GOAL OF THE EXERCISE ▸ For the data below, transcribe the part that opens with the line containing "- THE 3-IN-1" and closes with the line containing "Felpa a maniche", exactly and with no pictures.

DATA SECTION ▸

----

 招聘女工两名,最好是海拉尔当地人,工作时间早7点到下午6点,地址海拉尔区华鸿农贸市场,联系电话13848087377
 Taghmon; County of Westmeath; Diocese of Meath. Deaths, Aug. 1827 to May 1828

----

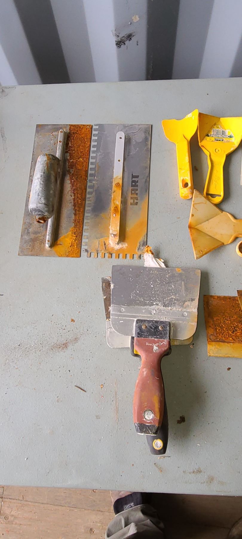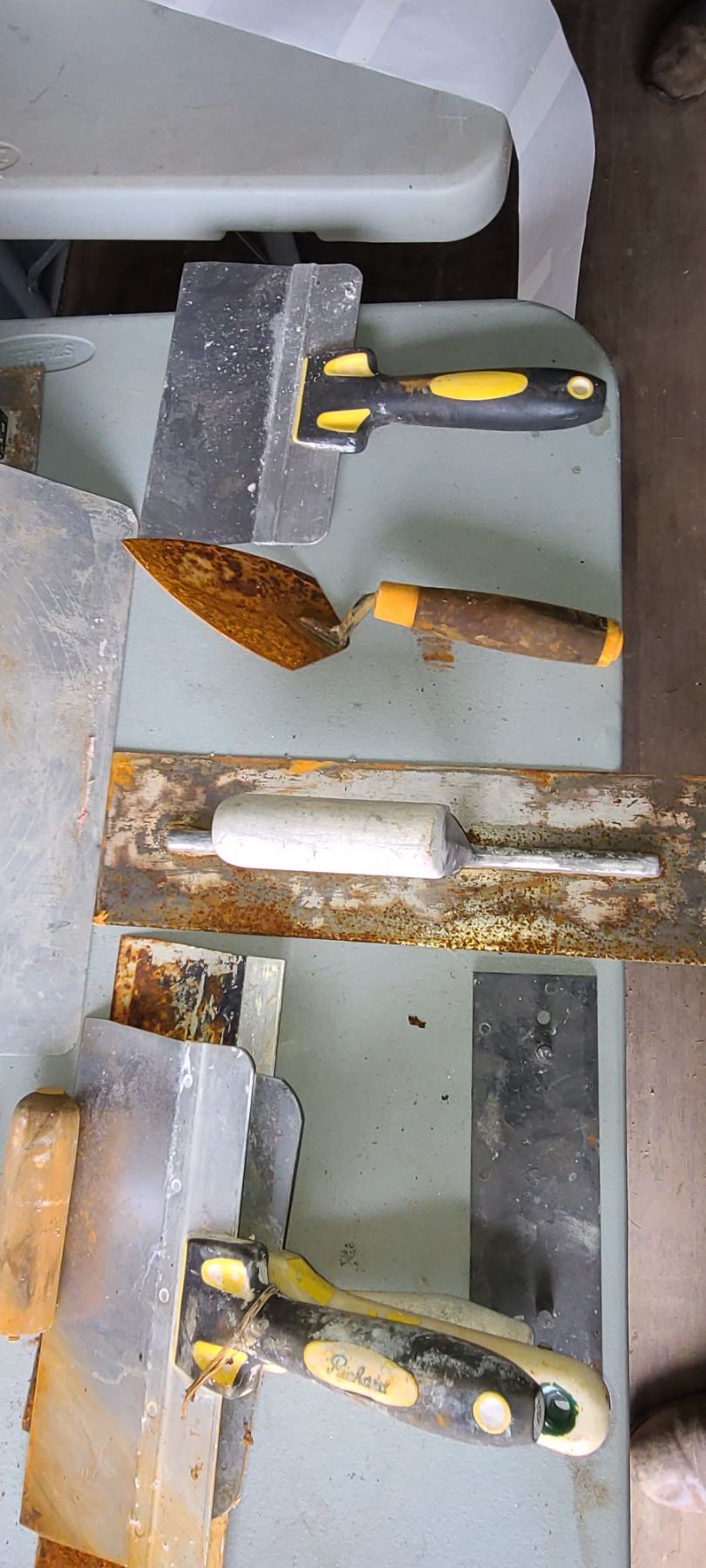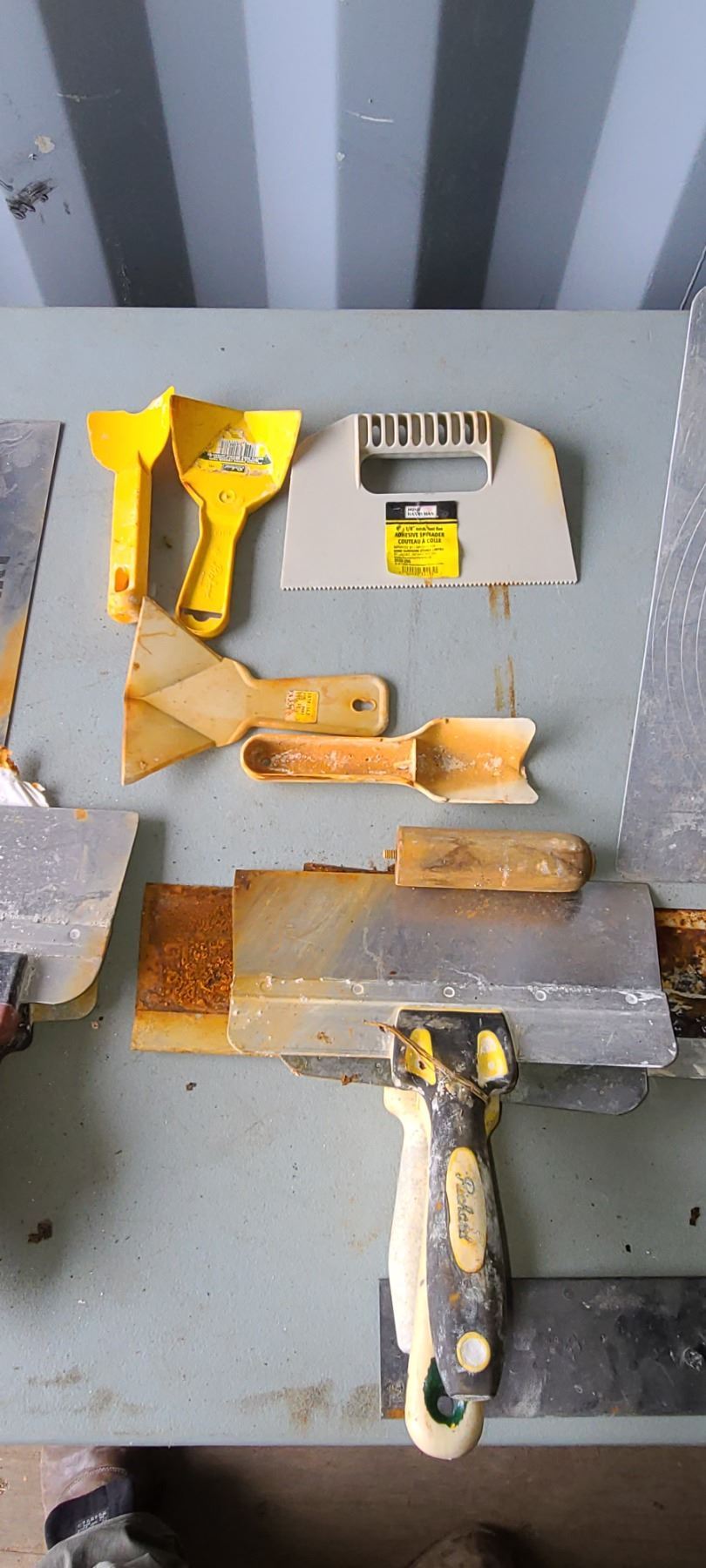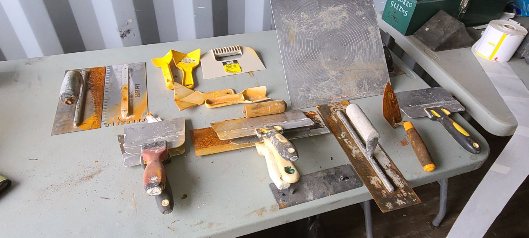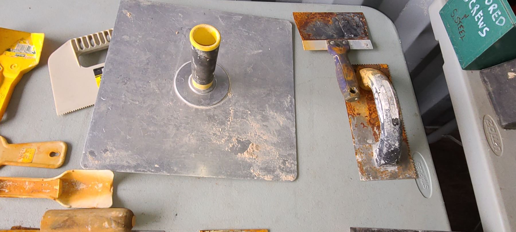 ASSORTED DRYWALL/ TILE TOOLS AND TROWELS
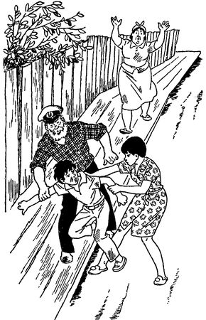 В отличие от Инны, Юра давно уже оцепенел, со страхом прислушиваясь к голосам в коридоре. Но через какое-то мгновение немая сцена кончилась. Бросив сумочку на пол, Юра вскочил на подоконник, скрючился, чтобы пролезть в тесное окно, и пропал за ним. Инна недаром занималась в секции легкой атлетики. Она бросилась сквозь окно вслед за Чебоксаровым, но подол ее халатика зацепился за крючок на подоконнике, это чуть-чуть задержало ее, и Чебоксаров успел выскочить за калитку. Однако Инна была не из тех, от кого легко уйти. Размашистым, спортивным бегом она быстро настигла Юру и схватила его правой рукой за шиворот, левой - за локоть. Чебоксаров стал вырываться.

----

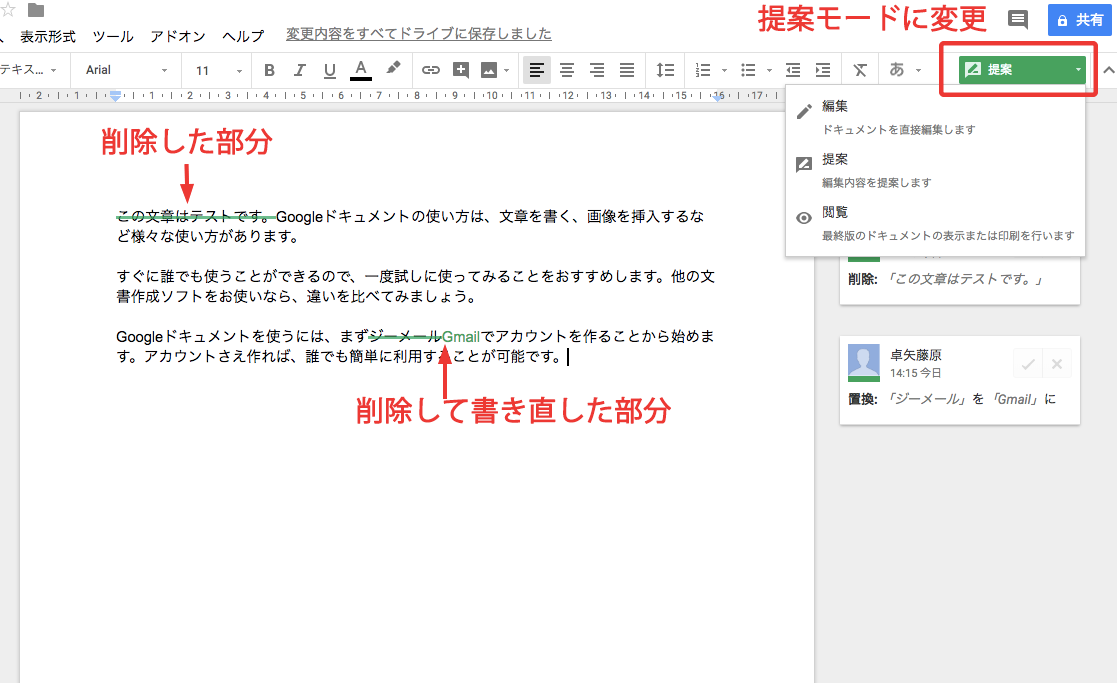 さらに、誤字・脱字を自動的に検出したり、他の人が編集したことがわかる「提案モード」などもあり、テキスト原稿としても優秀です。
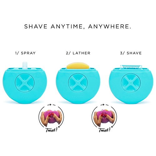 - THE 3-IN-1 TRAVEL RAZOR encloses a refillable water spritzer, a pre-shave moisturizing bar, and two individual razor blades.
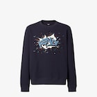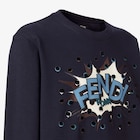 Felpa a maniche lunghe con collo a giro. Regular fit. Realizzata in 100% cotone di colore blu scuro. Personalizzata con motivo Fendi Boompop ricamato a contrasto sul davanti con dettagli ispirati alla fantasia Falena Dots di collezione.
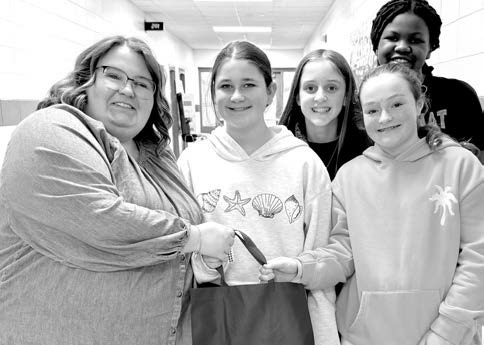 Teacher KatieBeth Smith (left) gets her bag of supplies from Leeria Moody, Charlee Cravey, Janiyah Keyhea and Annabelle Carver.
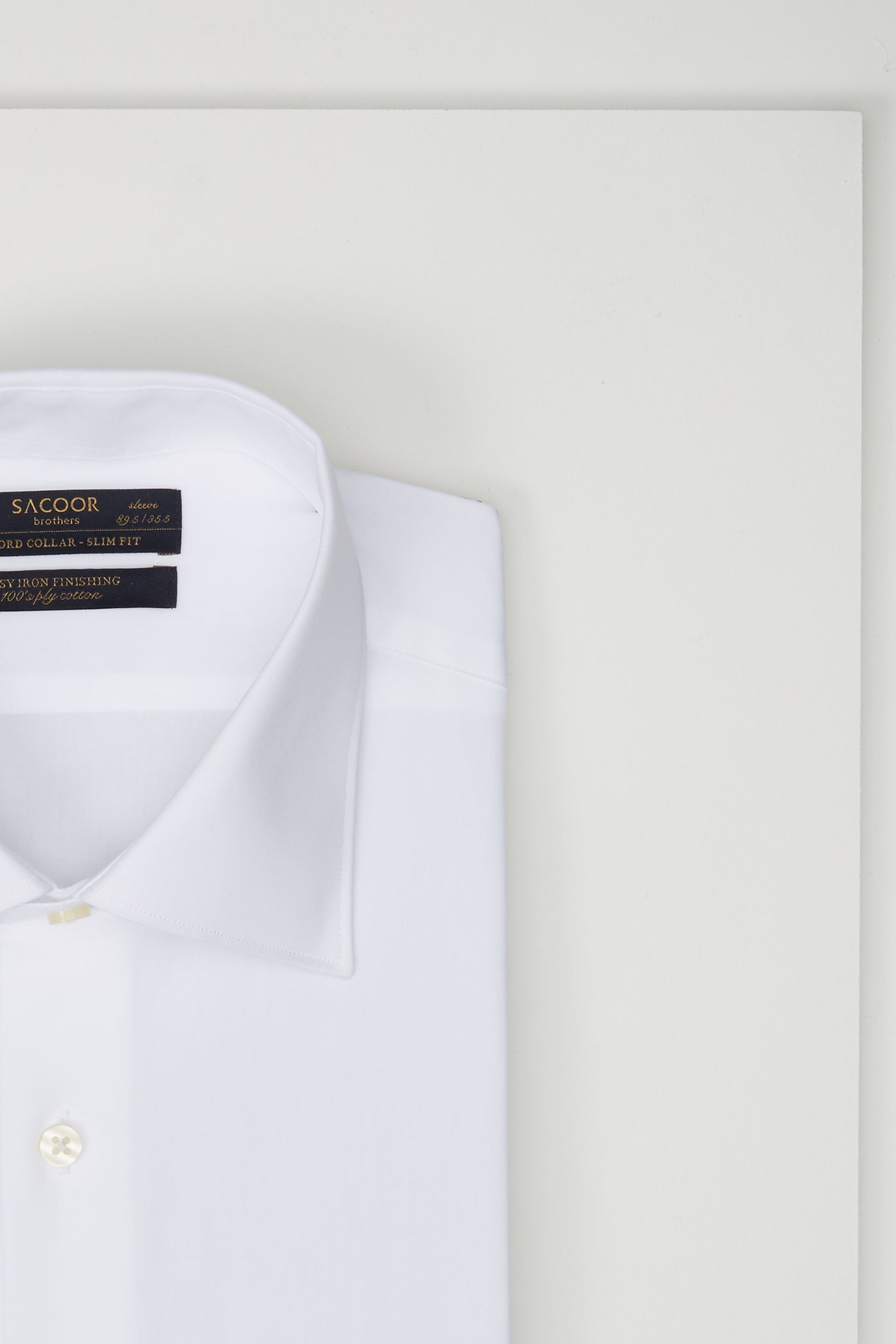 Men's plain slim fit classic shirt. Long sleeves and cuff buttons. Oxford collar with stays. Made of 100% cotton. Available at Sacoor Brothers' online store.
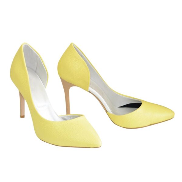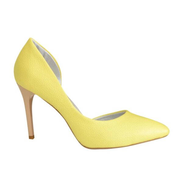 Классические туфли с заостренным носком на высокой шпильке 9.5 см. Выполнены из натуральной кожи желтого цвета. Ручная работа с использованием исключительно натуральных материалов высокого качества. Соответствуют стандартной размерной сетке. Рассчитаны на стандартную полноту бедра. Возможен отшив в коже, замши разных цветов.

----

OUTPUT BELOW ▸
 - THE 3-IN-1 TRAVEL RAZOR encloses a refillable water spritzer, a pre-shave moisturizing bar, and two individual razor blades.
 Felpa a maniche lunghe con collo a giro. Regular fit. Realizzata in 100% cotone di colore blu scuro. Personalizzata con motivo Fendi Boompop ricamato a contrasto sul davanti con dettagli ispirati alla fantasia Falena Dots di collezione.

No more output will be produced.